The more than $ 30 billion of buyouts among companies at the heart of global financial markets have in the past six months turned little-known data firms into some of the industry’s hottest takeover targets.
Deutsche Boerse’s $ 13.8 billion proposed buyout of London Stock Exchange Group Plc would be among the biggest in the industry’s history, sweeping into play information-service companies that might also tempt the exchanges. Those smaller deals have already racked up more than $ 10 billion.
The market structure industry — suppliers of the electronic plumbing behind financial markets — could be ripe for yet even more mergers. Analytics firm FactSet Research Systems Inc. and more-than-40-year-old index company MSCI Inc. are also among potential targets that have been discussed among investment bankers. Once a major asset is a target, chief executive officers may feel that it’s now or never to pounce, said Warwick Business School professor John Colley.
“Once it starts consolidating, it just keeps rolling,” said Colley, associate dean who runs the business masters program at the British university. “It kind of puts everyone in play. You know everyone else is looking to buy.”
Data in Demand
Market-research company Markit Ltd. and bond-pricing service Interactive Data Holdings Corp. may not be as recognizable as the London Stock Exchange, an institution harking back to a 17th century coffee house. But they’re in high demand — helping to lubricate buying and selling in harder-to-value assets, like swaps or corporate bonds. Exchange-traded products like stocks, meanwhile, have become less lucrative amid relentless competition.
Bloomberg LP, the owner of Bloomberg News, also provides data and analytic services for the financial industry.
The data company deals have highlighted Argus Media Ltd., another information company. The energy-market data provider said in November that it’s time for the company to “transition from a privately-owned family business.” Several private-equity firms are considering placing bids, which are due May 9, according to two people familiar with the discussions.
Among possible acquisition targets is Alerian Capital Management. The manager of indexes tracking energy and infrastructure companies is said to have explored a possible sale in the past. The world’s biggest banks also operate indexes for bonds and other assets that could eventually be on the block.
ICAP Plc may become an appealing buyout target once it sells its voice-brokerage business to Tullett Prebon Plc, according to analysts at Numis. The transaction could be completed by September. ICAP CEO Michael Spencer wants to focus his company on electronic markets and post-trade services.

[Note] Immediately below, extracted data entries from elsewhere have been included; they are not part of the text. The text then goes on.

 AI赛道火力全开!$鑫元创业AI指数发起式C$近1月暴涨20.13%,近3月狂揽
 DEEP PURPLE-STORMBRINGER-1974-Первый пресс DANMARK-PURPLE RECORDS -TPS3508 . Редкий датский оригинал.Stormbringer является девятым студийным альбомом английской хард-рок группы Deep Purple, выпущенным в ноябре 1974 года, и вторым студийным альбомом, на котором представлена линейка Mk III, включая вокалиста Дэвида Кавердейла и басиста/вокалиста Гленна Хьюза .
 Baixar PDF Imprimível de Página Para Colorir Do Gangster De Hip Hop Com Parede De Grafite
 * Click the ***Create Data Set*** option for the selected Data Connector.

The publicly-listed data companies may just be the tip of the iceberg. By some estimates, at least 30 or more financial technology startups provide similar services.

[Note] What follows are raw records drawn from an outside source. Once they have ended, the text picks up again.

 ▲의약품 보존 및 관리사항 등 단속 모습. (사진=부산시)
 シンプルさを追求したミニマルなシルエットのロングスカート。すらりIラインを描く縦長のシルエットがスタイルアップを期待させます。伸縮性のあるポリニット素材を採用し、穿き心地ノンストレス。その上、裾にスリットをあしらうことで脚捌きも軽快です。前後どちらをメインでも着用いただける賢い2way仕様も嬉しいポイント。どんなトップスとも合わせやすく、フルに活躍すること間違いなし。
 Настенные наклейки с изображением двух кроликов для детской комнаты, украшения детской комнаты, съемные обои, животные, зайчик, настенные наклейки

Then there are the industry heavyweights: Intercontinental Exchange Inc. CEO and serial dealmaker Jeff Sprecher has been a major force behind exchange consolidation, spending more than $ 5 billion on Interactive Data in December and now considering a bid for the London exchange. Should he win, Sprecher has hashed out plans to spin off LSE’s Milan unit and continental Europe clearing operations, people familiar with the discussions have said.

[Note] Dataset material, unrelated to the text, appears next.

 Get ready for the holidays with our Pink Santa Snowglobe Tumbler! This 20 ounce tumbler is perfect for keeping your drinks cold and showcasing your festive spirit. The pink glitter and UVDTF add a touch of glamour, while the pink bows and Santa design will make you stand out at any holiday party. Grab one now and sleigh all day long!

Those potentially hived-off pieces have caught the attention of other CEOs.
Nasdaq Inc. CEO Bob Greifeld is said to be looking for more, even as the company digests five acquisitions it made in the past six months, according to people familiar with the discussions. The exchange operator hired boutique investment bank PJT Partners Inc. to examine any spinoffs from an LSE deal. Paris-based Euronext NV is said to be eyeing possibilities as well.
Representatives for Nasdaq, Euronext and Argus declined to comment. Spokesmen for FactSet, MSCI, ICAP and Alerian didn’t reply to requests for comment.
The biggest of these companies are beginning to resemble financial conglomerates — not unlike those in the merger-heavy industries of beer and pharmaceuticals. With fewer firms competing for the same market share, smaller exchanges including Spanish stock exchange Bolsas y Mercados Espanoles SA may feel they have little choice but to seek deals.
The buyout activity hasn’t gone unnoticed among regulators. And if this week’s snags and all-out failures in planned mergers are anything to go by, more hurdles may lie ahead. By one measure, LSE and Deutsche Boerse would operate the biggest clearing business in the world, at a time when some worry clearinghouses are becoming too big to fail. The combined group would be the biggest European stock market and would rake in more profit than any other exchange company.
Still, once a buying spree starts, it’s hard to go back, says Caldwell Securities Ltd.’s Thomas Caldwell.
“The second you go into a deal, you’re going to attract other folks,” said Caldwell, CEO of Caldwell, a money management firm in Toronto. “You don’t go into a takeover or merger of any kind without the prior understanding that someone is going to come and try to top you. It’s just the order of things.”